### Automating 1,2,3: From raw data to training data.

In this notebook we combine the processes from obtaining raw data to transforming it into training data for modeling.

The functions used here are defined in the `data.py` and `paths.py` scripts.

In [2]:
# Telling jupyter to always reload modules before executing code
%reload_ext autoreload
%autoreload 2

Let us import 2022 data.

In [6]:
import sys
sys.path.append(r"C:\Users\User\capstone_project")
from src.data import load_raw_data

rides = load_raw_data(year=2022) # fetches 2022 data
rides

Downloading file 2022-01
Downloading file 2022-02
Downloading file 2022-03
Downloading file 2022-04
Downloading file 2022-05
Downloading file 2022-06
Downloading file 2022-07
Downloading file 2022-08
Downloading file 2022-09
Downloading file 2022-10
Downloading file 2022-11
Downloading file 2022-12


Unnamed: 0,pickup_datetime,pickup_location_id
0,2022-01-01 00:35:40,142
1,2022-01-01 00:33:43,236
2,2022-01-01 00:53:21,166
3,2022-01-01 00:25:21,114
4,2022-01-01 00:36:48,68
...,...,...
3399544,2022-12-31 23:46:00,16
3399545,2022-12-31 23:13:24,75
3399546,2022-12-31 23:00:49,168
3399547,2022-12-31 23:02:50,238


Let us transform the raw data into time series data.

In [7]:
from src.data import transform_raw_data_into_ts_data

ts_data = transform_raw_data_into_ts_data(rides)
ts_data

100%|██████████| 265/265 [00:02<00:00, 92.05it/s] 


Unnamed: 0,pickup_hour,rides,pickup_location_id
0,2022-01-01 00:00:00,0,1
1,2022-01-01 01:00:00,0,1
2,2022-01-01 02:00:00,0,1
3,2022-01-01 03:00:00,0,1
4,2022-01-01 04:00:00,1,1
...,...,...,...
2321395,2022-12-31 19:00:00,2,265
2321396,2022-12-31 20:00:00,2,265
2321397,2022-12-31 21:00:00,7,265
2321398,2022-12-31 22:00:00,3,265


Let us now transform the time series data into tabular data (features and targets)

In [8]:
from src.data import transform_ts_data_into_features_and_target

features, targets = transform_ts_data_into_features_and_target(
    ts_data,
    input_seq_len=24*28*1, # one month
    step_size=24,
)

print(f'{features.shape=}')
print(f'{targets.shape=}')

100%|██████████| 265/265 [00:20<00:00, 13.02it/s]

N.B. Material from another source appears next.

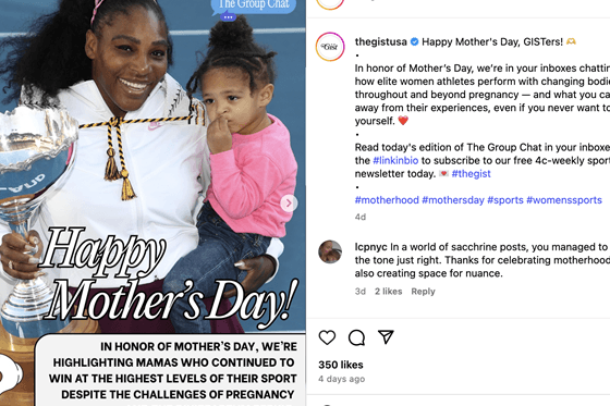 Canadian platform, The Gist, is leading the charge. As a female founded company they promote equal gender coverage, as well as creating tailored content to support women, with articles such as ‘how elite athletes perform during pregnancy’. Cosmopolitan is also breaking ground, showcasing athletes like superstar basketball player A’ja Wilson discussing the everyday and the athlete life.

features.shape=(89305, 674)
targets.shape=(89305,)





Now let us save our data to be used for modeling.

In [9]:
tabular_data = features
tabular_data['target_rides_next_hour'] = targets

from src.paths import TRANSFORMED_DATA_DIR
tabular_data.to_parquet(TRANSFORMED_DATA_DIR / 'tabular_data.parquet')

We can now move to the next step of model building.